What is needed is a copy of each line in the listing that contains "chodnik".

Source information:
------------------------------------------------------------------------

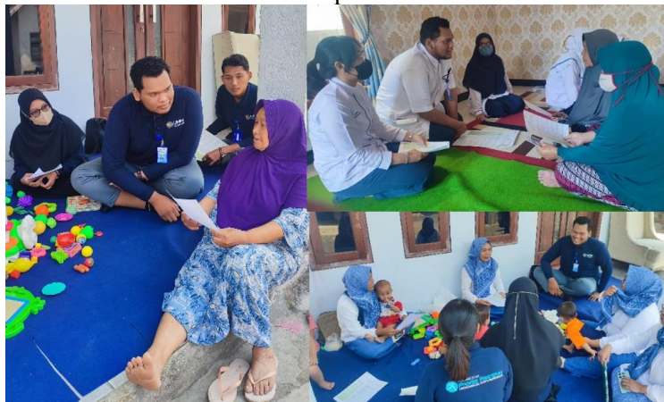
Gambar 2. Dokumentasi Kegiatan Penyuluhan

Kegiatan sosialisasi tekanan darah tinggi yang dilakukan di Posyandu kepada masyarakat di Kecamatan Tumpang berjalan lancar dan tanpa insiden. Respon baik didapat dari 22 masyarakat yang datang saat materi dipresentasikan. Pada saat penyuluhan, masyarakat yang hadir mendengarkan materi dengan seksama. Materi penyuluhan meliputi pengertian, gejala, penyebab, pencegahan dan manfaat senam di rumah untuk permasalahan tekanan darah tinggi.
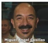
Nuevos derechos para los universitarios
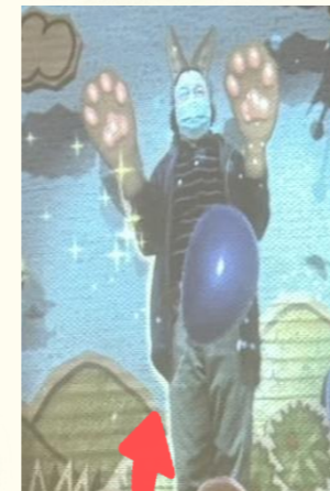
<幻想シアター> ステージに立つ役者になり、幻の生きものに変身して物語を演じることができます。
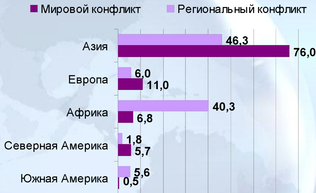
Диаграмма 1. Континенты – наиболее вероятные очаги конфликтов (ноябрь 2009 г. – январь 2010 г.)
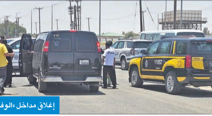
إغلاق مداخل «الوفرة الزراعية»

علق اللواء عبدالله سفاح على بعض المقاطع التي نُشرت على مواقع التواصل، والتي تُظهر القوات الأمنية وهي تدقق على الأوراق الثبوتية للعمال في فناء أحد المساجد، بأن رجال الأمن ارتأوا أن يتم التفتيش بعد صلاة الجمعة مباشرة، وأن يكون داخل الفناء الخارجي للمسجد، حرصاً على سلامة العمال من حرارة الجو تحت الشمس.
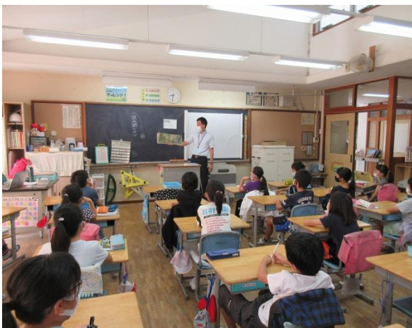
3の3「だいくとおにろく」「浦安の昔ばなし」
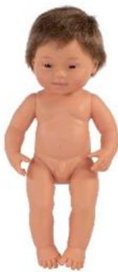
BABY SINDROME DE DOWN EUROPEO NIÑO REF 1-31068 AFRICANO NIÑO REF 1-31069
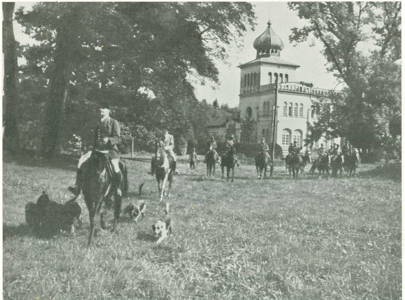
Osiek. Wyjazd Oddziału Konnego Przystosobienia Wojskowego „Krakus” z parku osieckiego na bieg za sforą Podkarpackiego Koła Jazdy Myśliwskiej.

5) W majątku są dwa zasadnicze rodzaje gleb: w dolinie rzeki Soły, w tej okolicy tworzącej swego czasu dno około 4 km szerokiego jeziora dyluwialnego, są mady na przepuszczalnym podglebiu. Fa-
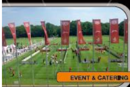
EVENT & CATERING
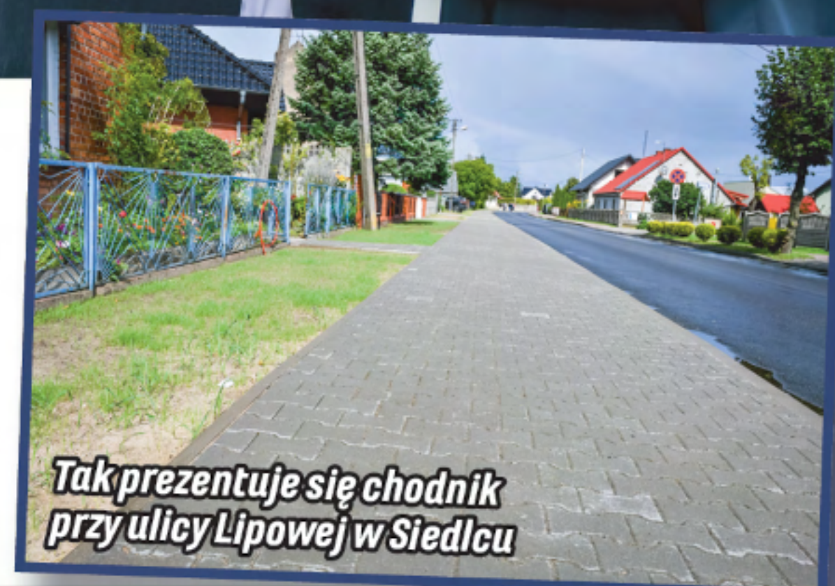
Tak prezentuje się chodnik przy ulicy Lipowej w Siedlcu

że chodnik posłuży mieszkańcom wsi, a przede wszystkim poprawi ich bezpieczeństwo – powiedział starosta.

------------------------------------------------------------------------

Output for this exercise:
Tak prezentuje się chodnik przy ulicy Lipowej w Siedlcu
że chodnik posłuży mieszkańcom wsi, a przede wszystkim poprawi ich bezpieczeństwo – powiedział starosta.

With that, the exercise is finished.